KF-51が使用されるのはまだ先の話である。実際、現在、我々が目にすることができるのは展示用モデルと宣伝用のブックレットだけである。ラインメタル社はドイツ政府が決定を下した15〜18ヶ月後、つまりおよそ半年後に製造を開始すると約束している。
そこから最初の製品が生産されるまでにはさらに半年かかる。
そしてそこから、ウクライナの戦車兵の訓練、ウクライナへの輸送、戦車部隊の展開、戦闘準備の完了までにさらに時間を要する。

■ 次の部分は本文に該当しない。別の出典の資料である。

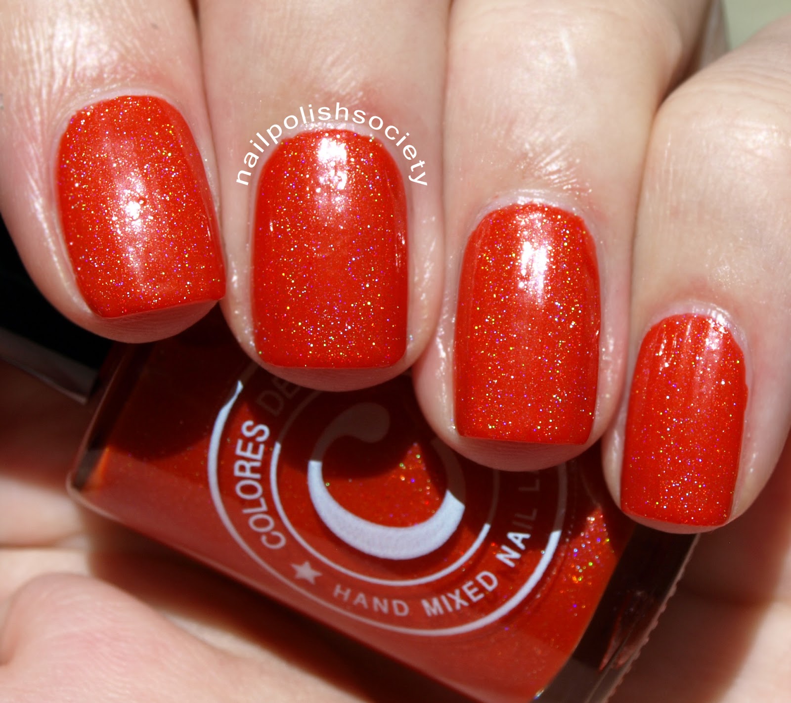Colores de Carol polishes are all 5-free (meaning no Formaldehyde, Toluene, DBP, Formaldehyde Resin, Camphor). The Happy Hour Collection consists of seven holographic shades with a foil finish. The holo is a little stronger in some shades than others. The application was consistently smooth and easy for each one with the exception of Papaya Sake, which was a little thicker. Each is shown with two coats, no top coat.
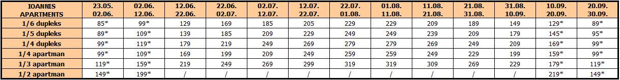 U slučaju spajanja smena na organizovanom prevozu, cena aranžmana za drugu smenu se umanjuje za 35 eur po osobi, osim za smene koje su u tabeli označene zvezdicom (*) gde se u slučaju spajanja smena cena umanjuje 25 € po osobi.

つまり、ドイツ政府がラインメタル社の提案を今すぐ承認したとしても、KF-51を使用するウクライナ軍の部隊が戦闘態勢に入れるのは、約3年後という計算になる。
この間に、ウクライナ軍には戦車兵は残っていないかもしれないし、あるいはウクライナ軍自体が存在していないかもしれない。現在のウクライナ軍の状況がすでに壊滅的なものであり、さらに悪化の一途を辿っていることを考えれば、ウクライナが自らの軍事政治的ステータスを急激に変更する可能性もある。

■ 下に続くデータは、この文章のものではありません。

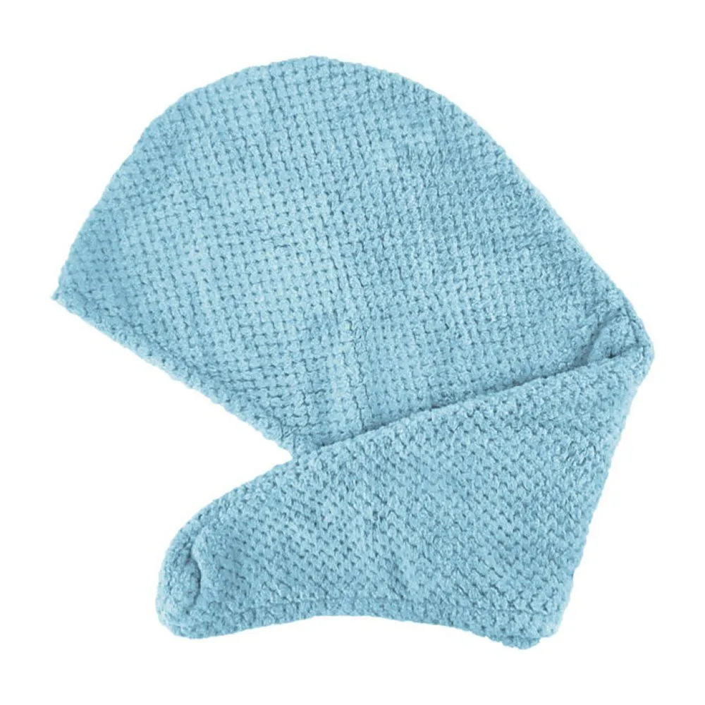 Casalfe toalla turbante de microfibra 100% de tacto suave y agradable. Con botón de ajuste para sujetarla y evitar que se mueva para que el pelo quede bien recogido.

そうなれば、ドイツの新型戦車はこの戦争に間に合わないことになる。さらにもう一つ、この新型戦車を何台生産することができるのかという疑問がある。
レオパルト2は1979年から2015年にかけて、平均ペースで、年間98台生産された。
もしKF-51が古いレオパルト2のエンジンとトランスミッションを交換し、新たな砲塔と設備を設置したものであるならば、ラインメタル社は年間およそ120〜150台、つまり半年でおよそ60〜70台、生産することができる。
しかし、この数はウクライナ軍が現実的に成功を期待するにはあまりにも少なすぎる。ともかく、ドイツの防衛企業社長の提案は、ウクライナに対し、現実的な支援よりも多くを期待させていることになる。ラインメタル社は、有名企業であり、第二次世界大戦以前も、大戦中にも、武器を製造していた。そこでロシアはかつて、戦場でこの企業の製品に直面する機会があり、新型も恐れない。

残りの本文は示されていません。